ClickHouse / clickhouse-java

ClickHouse Java Clients & JDBC Driver
https://clickhouse.com
Apache License 2.0
1.44k stars 534 forks source link

Refactor ClickHouseStatement interface for data insertion #384

Open alex-krash opened 5 years ago

alex-krash commented 5 years ago

Goal: reduce number of public proprietary methods, exposed by ru.yandex.clickhouse.ClickHouseStatement

Current situation: interface exposes many methods for data manipulations, that differs by:

  1. Input format
  2. Additional configuration params

Proposal: create single method, returning builder for data manipulations.

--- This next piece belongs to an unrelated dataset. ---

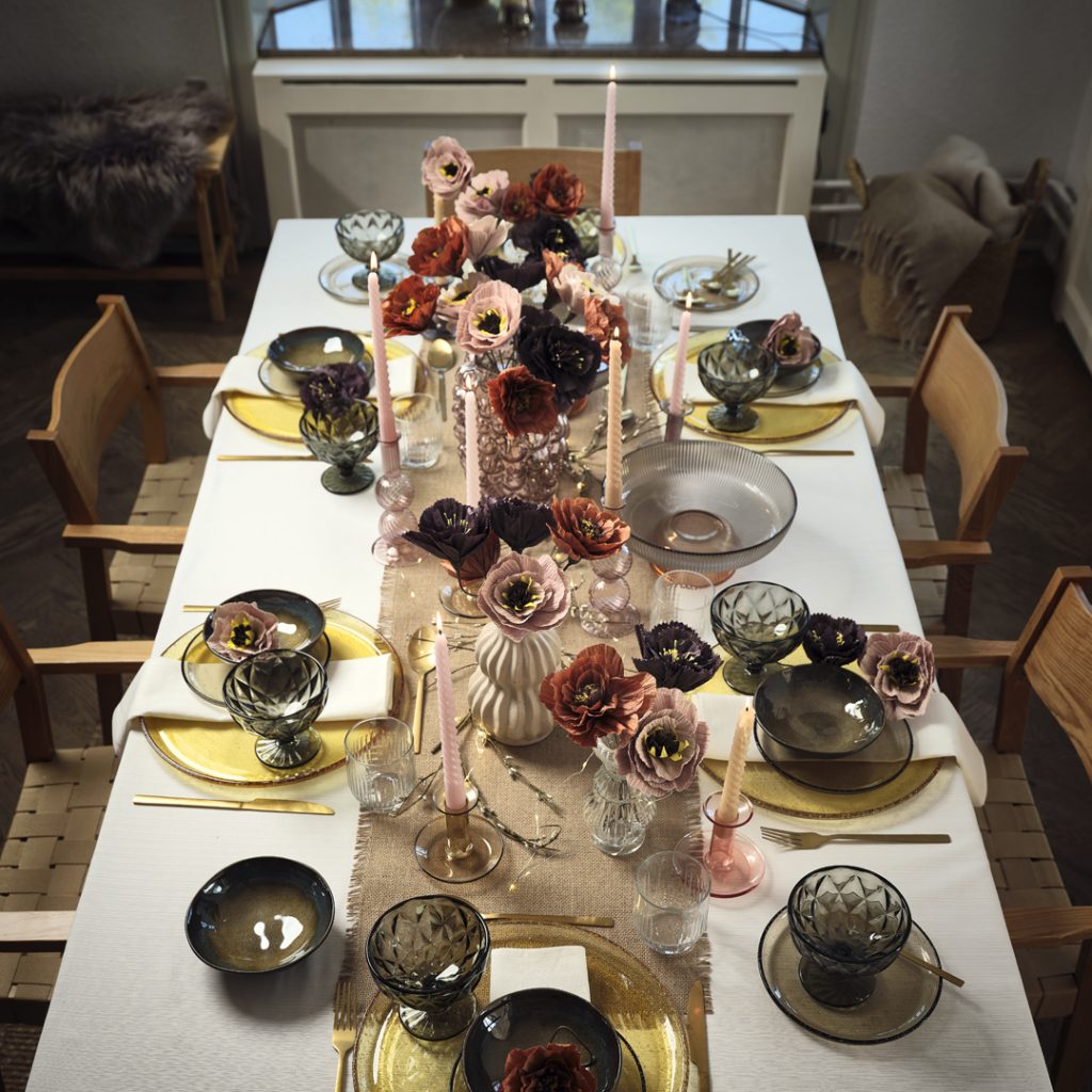 Αν και οι πιθανότητες να πάρουμε γαστρονομική έμπνευση από τα σκανδιναβικά Χριστούγεννα είναι μάλλον περιορισμένες, το ίδιο το τραπέζι μας μπορεί να υιοθετήσει τη διακριτική λάμψη τους. Η γαλοπούλα μας θα σερβιριστεί σε γυάλινες πιατέλες ELMER, σε κίτρινες και γκρίζες αποχρώσεις, τα σκαλιστά μπολ TONY θα δώσουν έναν επίσημο τόνο και το χρωματιστό μπολ LASSEθα φιλοξενήσει μελομακάρονα και κουραμπιέδες.

Design is inspired by Spark DataFrameWriter/DataFrameReader. https://spark.apache.org/docs/2.3.0/api/java/org/apache/spark/sql/DataFrameWriter.html

Example of all the options, available for configuration:

ClickHouseStatement sth;

sth
   .write()
   .withDbParams(Map<ClickHouseQueryParam, String> dbParams) // optional
   .withExternalData(List<ClickHouseExternalData> data) // optional
   .format(ClickHouseFormat.CSV)
   .input(new FileInputStream("filename")
   .table("my_table")
// or specify SQL
// .sql("INSERT INTO my_table (X,Y,Z) VALUES")
   .send(); // terminal operation, performs data insertion

For operation of binary formats, requiring callback:

sth.write().send("INSERT INTO my_table (x) VALUES ", new ClickHouseStreamCallback() {
            @Override
            public void writeTo(ClickHouseRowBinaryStream stream) throws IOException {
            }
        }, RowBinary); 

Possible shortcuts for sending the data:

sth
   .write()
   .send("INSERT INTO my_table VALUES", InputStream stream, ClickHouseFormat.CSV);

sth
   .write()
   .sendToTable("my_table", InputStream stream, ClickHouseFormat.CSV)

@den-crane, @filimonov, you are inexhaustible source of ideas - please, expose your opinion.

den-crane commented 5 years ago

I like this

   .write()
   .send("INSERT INTO my_table VALUES", InputStream stream, ClickHouseFormat.CSV);

it should support : --format_csv_delimiter=";" --query="INSERT INTO test_table_log FORMAT CSVWithNames"

  .write()
  .withDbParams((new dbParams).add(format_csv_delimiter,";" ).add ()  )
  .input(new FileInputStream("filename")
  .sql("INSERT INTO my_table (X,Y,Z) FORMAT CSVWithNames")
  .send();